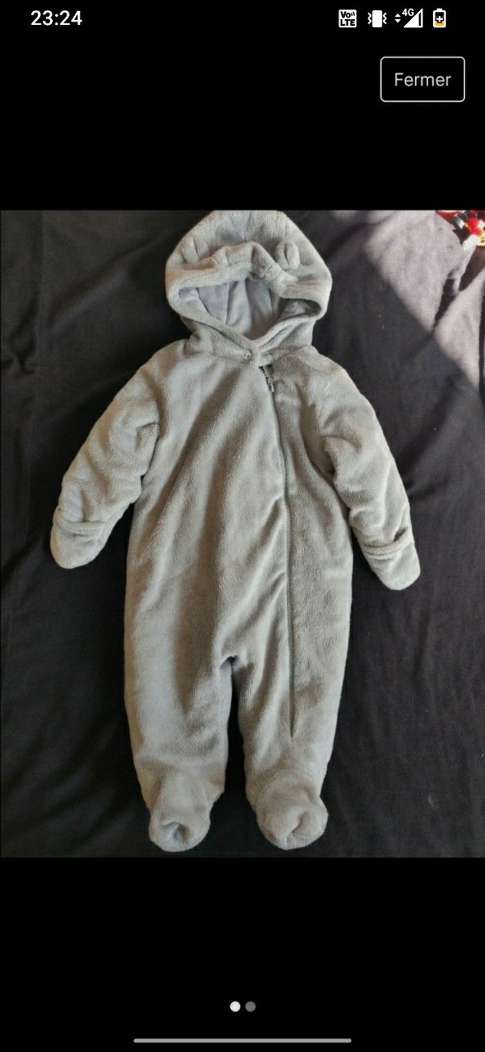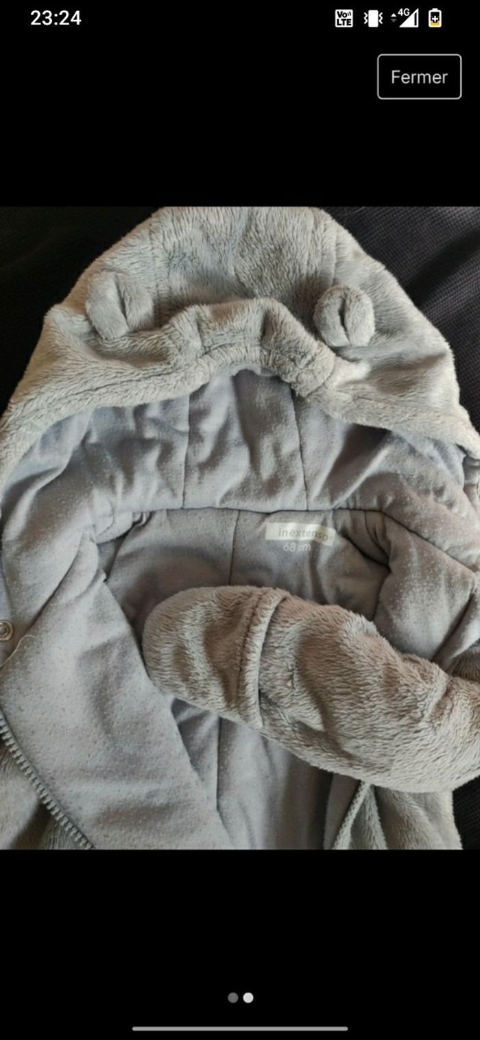Combipilote très chaude avec capuche et moufles intégrés de marque In extenso taille 6-9 mois, en très bon état.
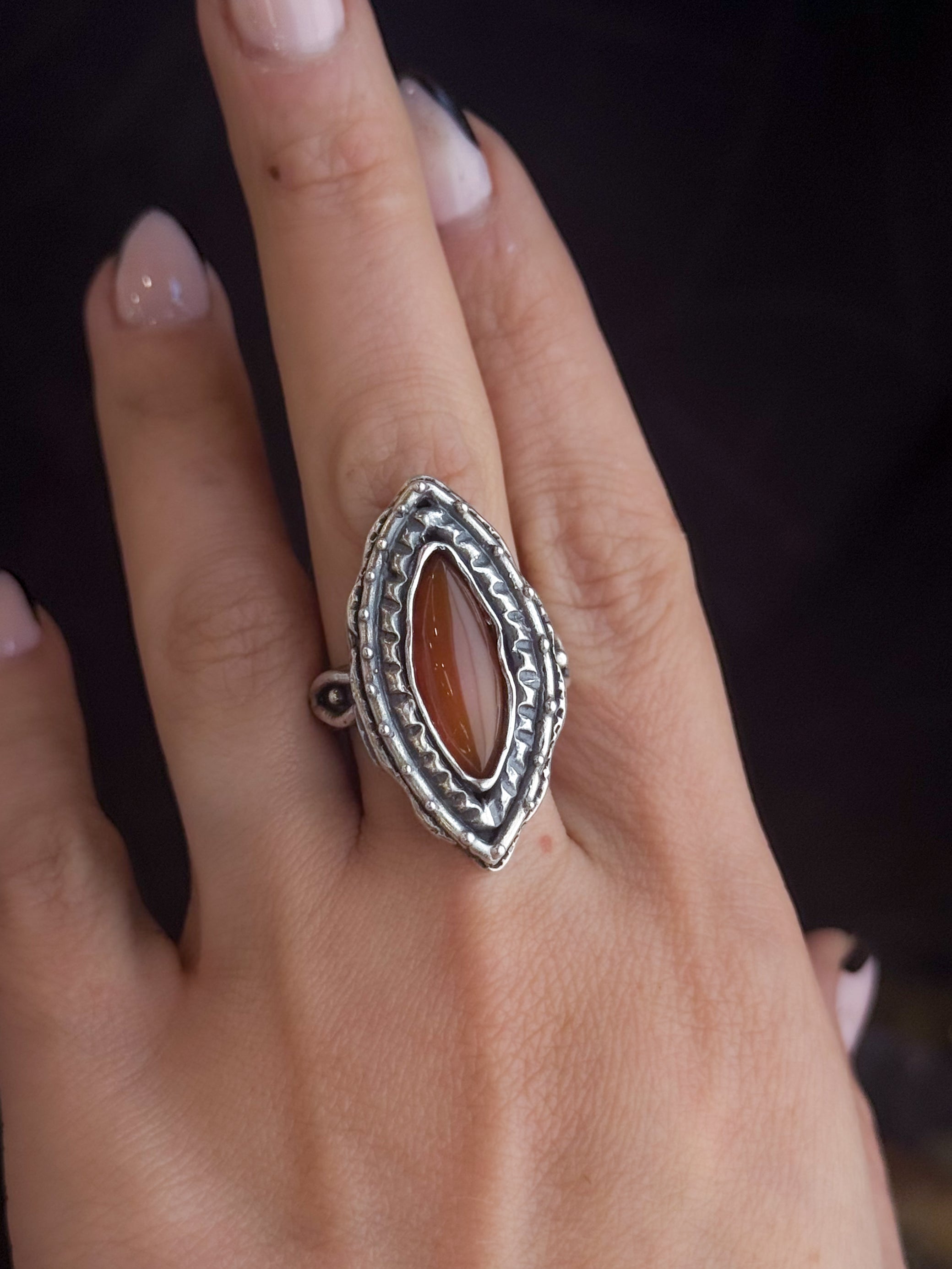 Hand carved and cast sterling silver In the Labyrinth Ring featuring a natural CarnelianIf you have questions regarding fit, you can contact us at any time. We are happy to help you determine your ring size.
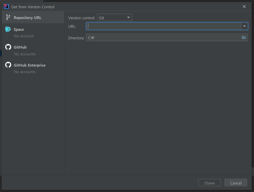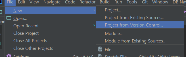먼저 file -> new -> project from version control을 클릭
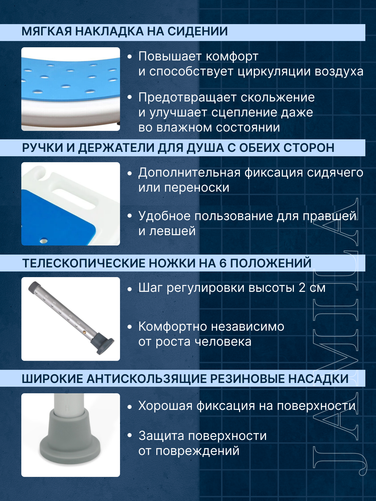 Ниже Вы можете прочитать отзывы на Стул для ванны со спинкой, ознакомится с подробными характеристиками, посмотреть интересные обзоры и фотографии на Стул для ванны со спинкой.

◇ ◇ ◇ ◇ ◇ ◇ ◇

■ **What the task asks**
I need the lines from the line containing "Hand carved and" through the final line of the listing duplicated exactly, both ends included, with no pictures and nothing else.

■ **Response to the task**
 Hand carved and cast sterling silver In the Labyrinth Ring featuring a natural CarnelianIf you have questions regarding fit, you can contact us at any time. We are happy to help you determine your ring size.
먼저 file -> new -> project from version control을 클릭
 Ниже Вы можете прочитать отзывы на Стул для ванны со спинкой, ознакомится с подробными характеристиками, посмотреть интересные обзоры и фотографии на Стул для ванны со спинкой.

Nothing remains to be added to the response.